JLL Income Property Trust announced yesterday that it has locked in a $650 million credit facility from a banking octet.
JPMorgan Chase, Bank of America, PNC, Wells Fargo, Fifth Third Bank, BMO Harris Bank, Capital One, and The Bank of New York Mellon made up the syndicate that extended the three-year term facility, which carries an interest rate at one-month LIBOR plus a 1.35 percent to 2.10 percent spread, according to the JLL REIT.
JPMorgan Chase, Bank of America, PNC, and Wells Fargo served as co-syndication agents and joint lead arrangers and bookrunners in the deal. JPMorgan Chase also served as the administrative agent.
The $650 million credit package includes a $415 million revolving line as well as a $235 million term loan, and it’s also possible that the credit pool could also be upsized to $800 million.
JLL Income Property Trust President and CEO Allan Swaringen in a statement expressed appreciation for the banks wagering on the REIT’s “investment strategy, the growth and quality of our portfolio, and our investment performance track record. This expanded facility supports our growth ambitions and intent to modestly increase leverage at the beginning of this new economic cycle. It also facilitates accelerating acquisitions and increases our financial flexibility.”
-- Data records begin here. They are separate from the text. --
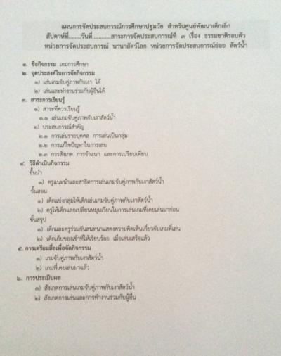 แผนการจัดประสบการณ์ หน่วยนานาสัตว์โลก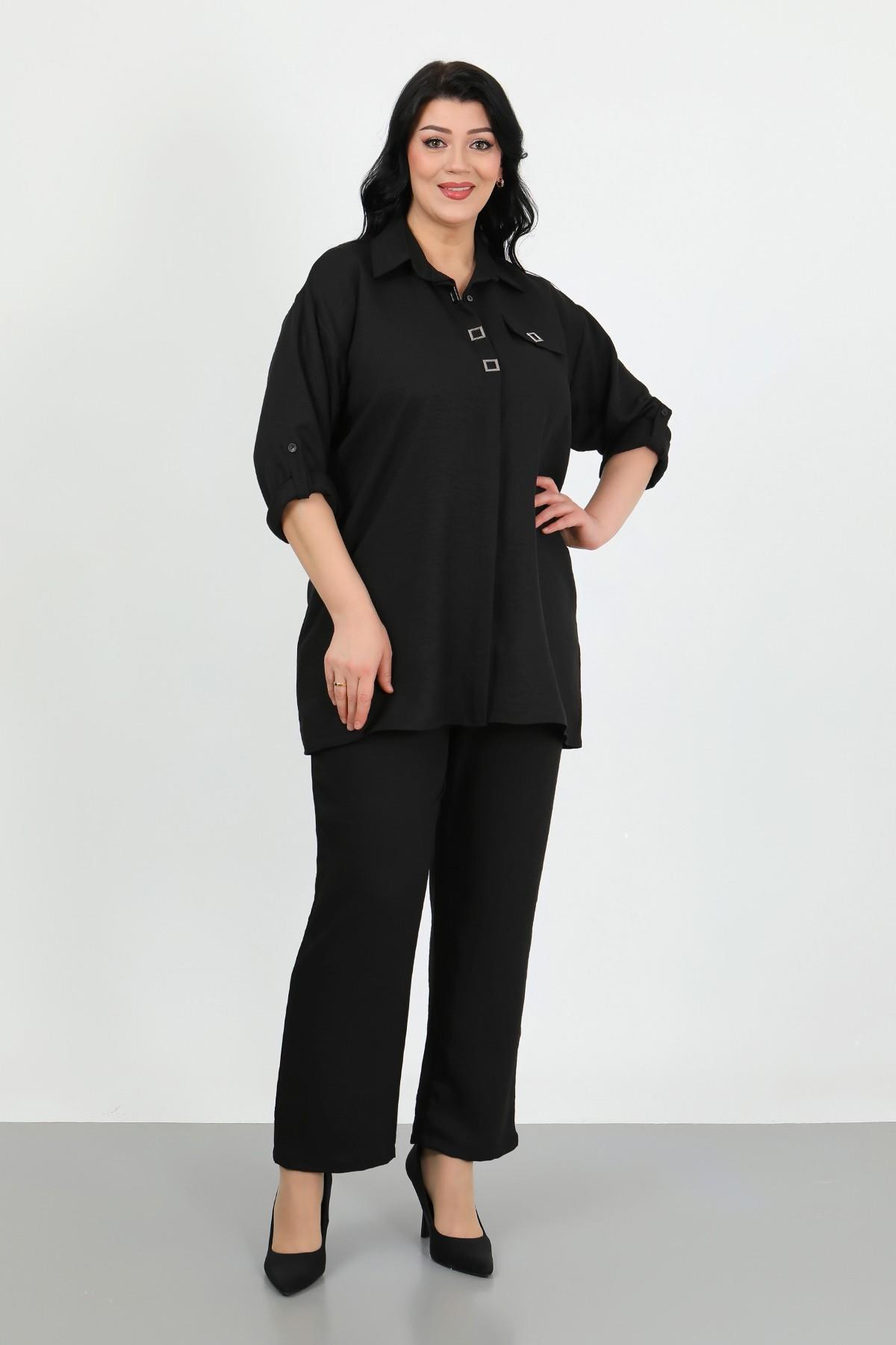 Kadın Siyah Soft Keten Pantolon Gömlek Büyük Beden İkili Takım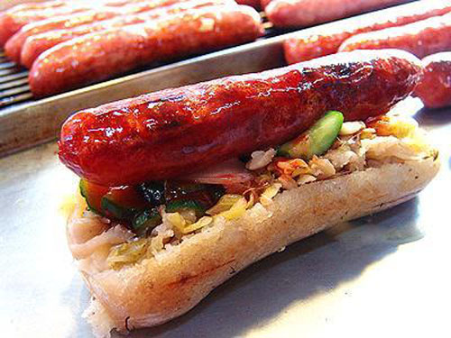 大腸包小腸是台灣相當普遍的小吃,炭火燒烤的大腸外皮微酥,內餡米粒飽滿,夾上風味絕佳的香腸,鋪上酸菜、小黃瓜、薑片與菜脯蛋等小菜,一口咬下肉汁四溢,滿嘴的美味。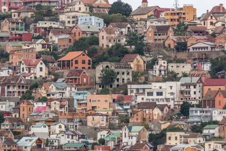 View of the densely packed houses on one of the many hills of Antananarivo, the capital city of Madagascar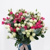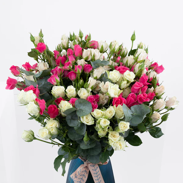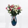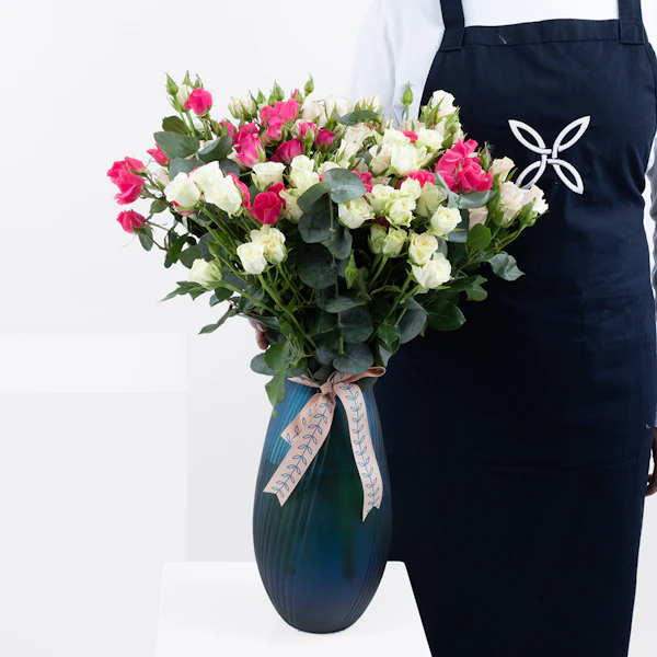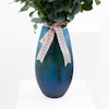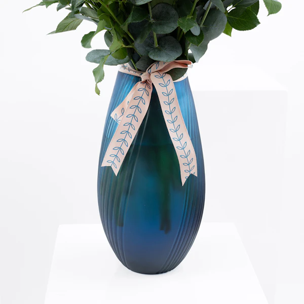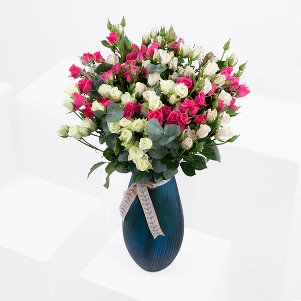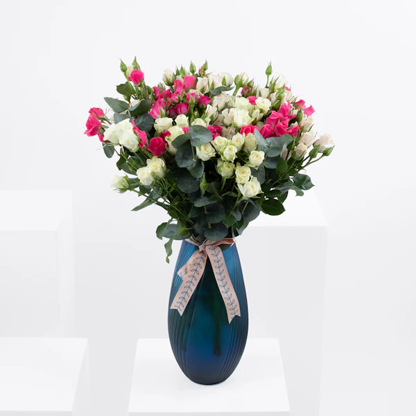 This stunning blue glass vase features delicate baby roses nestled amongst lush green eucalyptus leaves. The soft pastel hues of the roses contrast beautifully against the rich blue glass, creating a captivating display of natural beauty. Perfect for adding a touch of elegance to any room, this vase is the ideal choice for those who appreciate the finer things in life.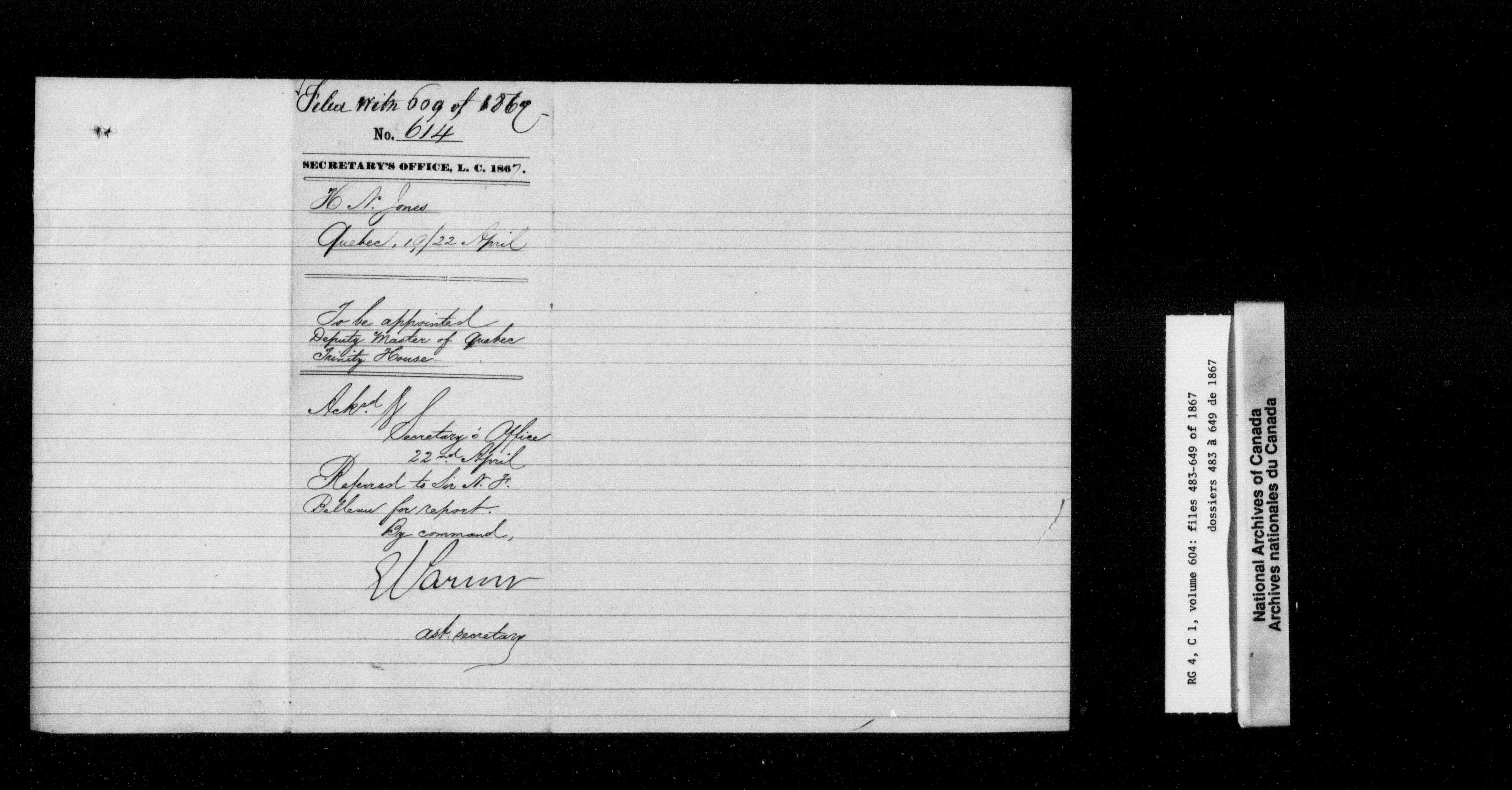 Canada East : Provincial Secretary numbered correspondence files, 1839-1867 : H-2816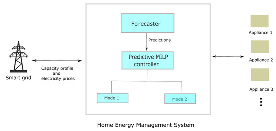 - The second and the key component of the HEMS is the Predictive MILP controller. This component operates in two MOO, which is determined automatically within the component based upon the electrical load categories (see Section 3.1). In each mode, a different mathematical optimization problem is solved by exploiting the predictions made by the forecaster about the weather conditions. The electricity prices and the consumption-capacity profile is provided to HEMS by the smart-grid operator using smart-meter communication.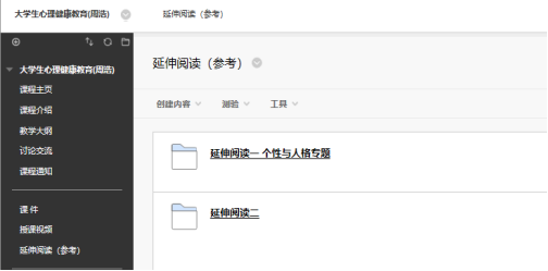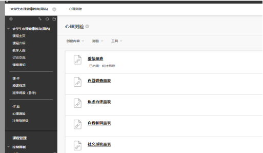周浩老师在教学安排上采用中国大学MOOC平台的慕课资源,同时借助QQ群、校内BB平台等辅助工具进行在线授课,有针对性地在BB平台上建立心理学分享空间,包括课程介绍、教学大纲、课件、授课视频、延伸阅读、作业、心理测验等资料,为学生提供了良好的在线学习环境。考虑到过度冗长的资料会让学生处在信息流的汪洋之中,所有心理课程资料的分享将以适度合理为首要原则,有计划有安排地逐步上传发布,全力配合课程的进度。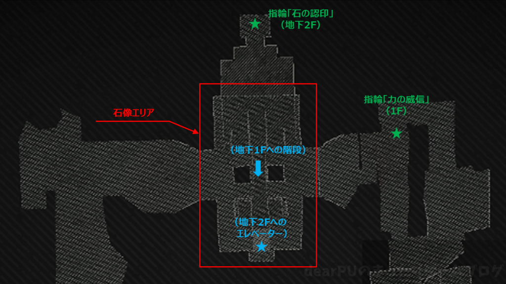 さらにエリアの端(半地下)に手記があり、マークが描かれています。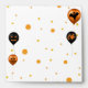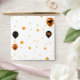 Happy Halloween illustration featuring party balloons in black and orange with a ghost, a witch, a spider and spider web and jack-o-lantern on a white background.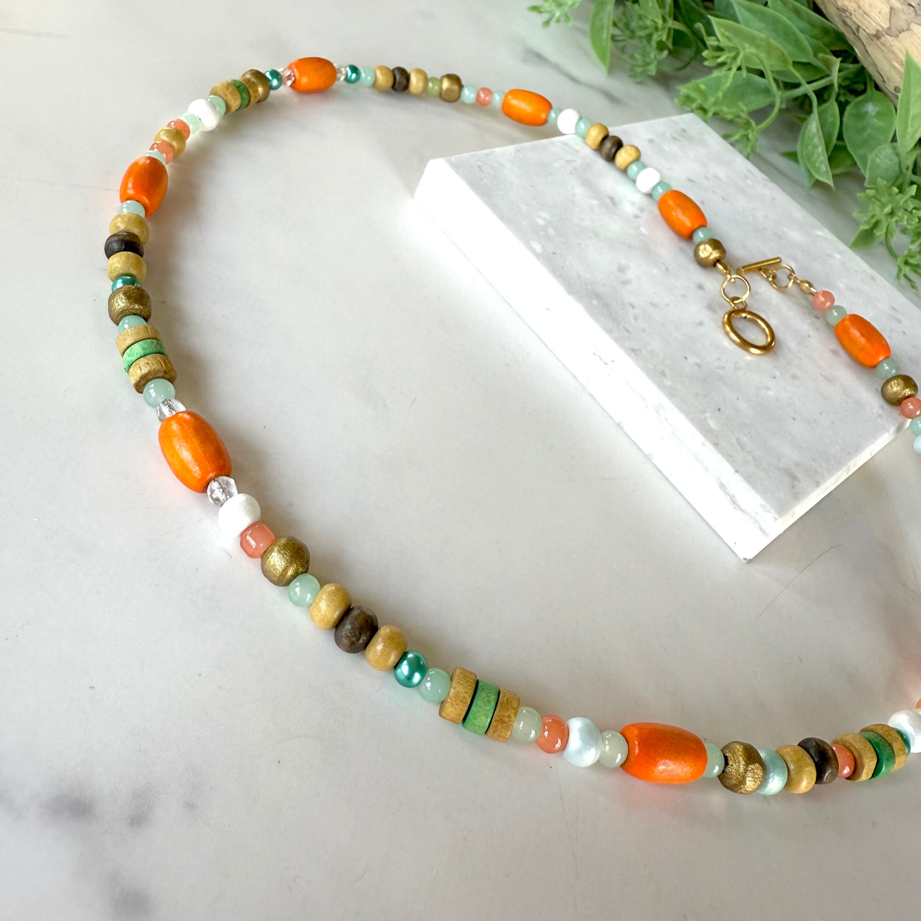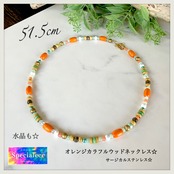 51.5cm★オレンジ&カラフルウッド&水晶のオリジナルネックレス★アレルギー対応サージカルステンレス★シルバーも作れます★数量限定★エスニック★レゲエ★カジュアル

Led by Swaringen, JLL Income Property Trust is a daily NAV REIT, managed by JLL’s LaSalle Investment Management, that became a pioneer in the non-traded REIT space when it was founded in 2004 (it IPO’d in 2012). It now controls an 86-property portfolio and its assets are valued at $3.6 billion. The REIT focuses on four property types: industrial, office, multifamily and grocery-anchored retail. Investors in the fund platform — whose assets are marked to market daily — must adhere to a minimum one-year hold and there’s a $10,000 minimum initial investment threshold, although Swaringen has told CO in the past that its investors, on average, make a $100,000 initial commitment. The REIT also recommends a five- to seven-year hold period.